Executive Summary : | Supramolecular self-assembly is the spontaneous assembly of small molecular components to form larger aggregates via reversible non-covalent binding. Such self-assembly approach generally leads to the formation of thermodynamically most stable architectures. Self-assembled 3D coordination architectures are very appealing since their formation and properties are controlled by specific directional information and functionalities encoded in the subunits. The aim of the proposed project is to design 3D discrete architectures having confined nanospace with special decoration for storing/stabilization of unusual conformations of organic compounds and for performing chemical reactions with special emphasis on achieving enantioselective transformations.
Three-dimensional (3D) confined architectures have received huge appreciation in recent times from the scientific community due to their potential applications in catalysis, host-guest chemistry and catalysis.
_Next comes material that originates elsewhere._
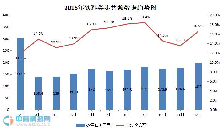 2015年全國飲料市場零售額數據分析

Use of such architectures in stabilization of reactive intermediates/ unusual conformers and enantioselective reactions is not well explored. Consequently, design and synthesis of multifunctional three-dimensional (3D) discrete molecular architectures have gained paramount attention in current scientific advancements for exploring the use of these systems for the above-mentioned reasons.
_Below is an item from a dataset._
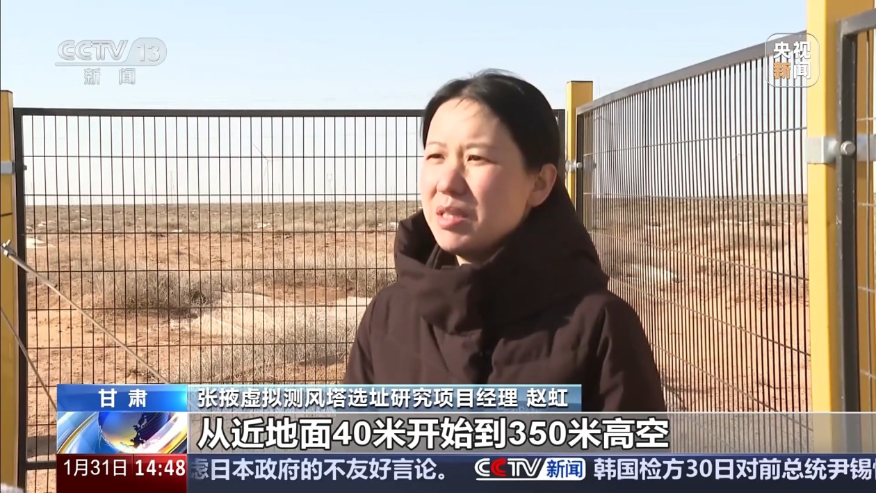 张掖虚拟测风塔选址研究项目经理 赵虹:它就跟物理测风塔的效果是一样的,从近地面40米开始到350米高空,可以设置24个不同的层高,都可以采集到不同层高的风速和风向,它测的层次要比物理测风塔更丰富一些。

This proposal aims to use metal-ligand coordination as driving for to construct three-dimensional architectures of Pd and Ir. The confined pocket of such newly designed architectures will be use to study the chemistry of some photo-/thermo-chromic compounds. Moreover, the confined pocket of some architectures will be decorated with certain chiral functional groups for performing enantioselective organic transformations in the confined nano-space of such molecular containers. Apart from these, efforts will be given to study encapsulation of a wide variety of guest molecules including photo-/light sensitive drugs. |